Well, let me be the first to say, “Good job, N.R.A.”
FIFTEEN SCHOOL SHOOTINGS SO FAR THIS YEAR.
Unfortunately, the report of yesterday's shooting at Sparks Middle School ought to shock all citizens of this blood-soaked nation.
This time gunfire shattered an ordinary morning on a playground in Sparks, Nevada. Students arriving for school told reporters later that they fled screaming into the building once they realized the “pops” they were hearing were gunshots.
“A kid started getting mad and he pulled out a gun and shoots my friend, one of my friends at least,” a seventh-grade student identified as Andrew told local KOLO-TV. “And then he walked up to a teacher and says back up, the teacher started backing up and he pulled the trigger.”
“The teacher was just lying there and he was limp, he didn't know what to do, he was just in a lot of pain,” he told KOLO.
“And me and five other friends went to him and said come on we’ve got to get him to safety. We picked him up, carried him a little bit far and we left him because our vice principal came along and said go, go, go get to safety, get to safety. So we left the teacher there and we went to safety,” Andrew said.
Safety, Andrew said. Where is the safety today? This was the fifteenth school shooting in the United States this year. Two students were wounded. Michael Landsberry, 45, a teacher and former Marine who served in Afghanistan, was killed.
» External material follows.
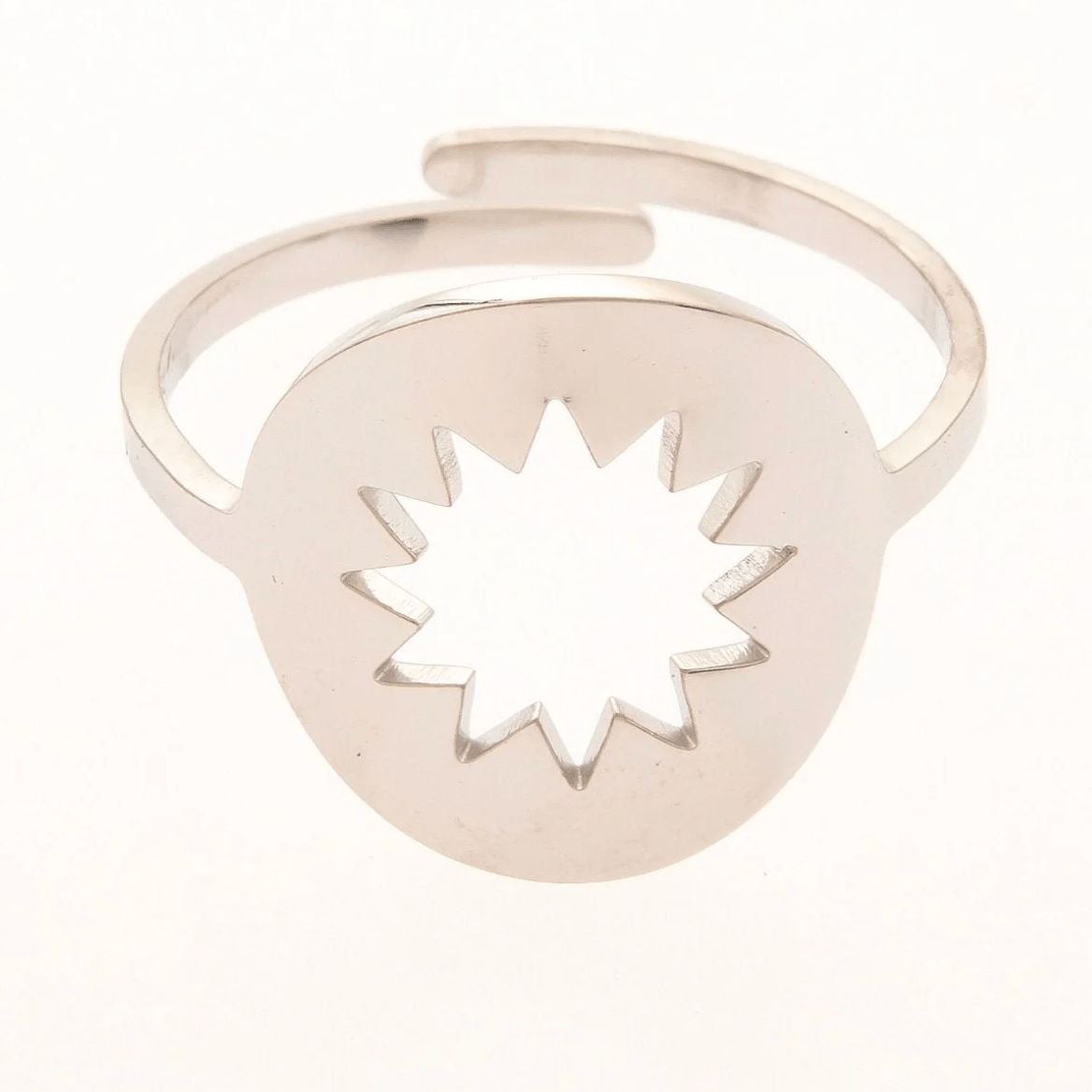 Clean, modern and effortlessly wearable, this sun cut-out adjustable ring brings a subtle celestial touch to everyday styling. Featuring a smooth circular face with a crisp sunburst cut-out at the centre, it has a contemporary, minimalist feel that works beautifully worn alone or stacked.

The perpetrator—himself a victim of a national inability to come to grips with gun violence in any way—was 12.
An ABC report noted that an eyewitness described the scene in one word: “chaos.”
Student Thomas Wing said he was walking out of the cafeteria after eating breakfast when he saw a gun.
He told CNN affiliate KOLO that Landsberry was trying to get the student to put the weapon down. After a gunshot, Thomas started running back toward the cafeteria. He heard another shot.
"I was thinking, oh my gosh, am I going to get out of this? Am I going to die?" he told KOLO. "My heart was pounding faster than I could run."
CARNAGE AT SANDY HOOK ELEMENTARY PART OF A GORY RED, WHITE AND BLUE PATTERN.
The carnage at Sandy Hook Elementary garnered headlines last December. But the massacre in Newtown, Connecticut was just one of many. It’s all part of a gory red, white and blue pattern. There were ten school shootings in 2010. There were eight school shootings in 2011. In 2012, there were a dozen awful incidents. Forty-two students and teachers were slaughtered. Seventeen were wounded.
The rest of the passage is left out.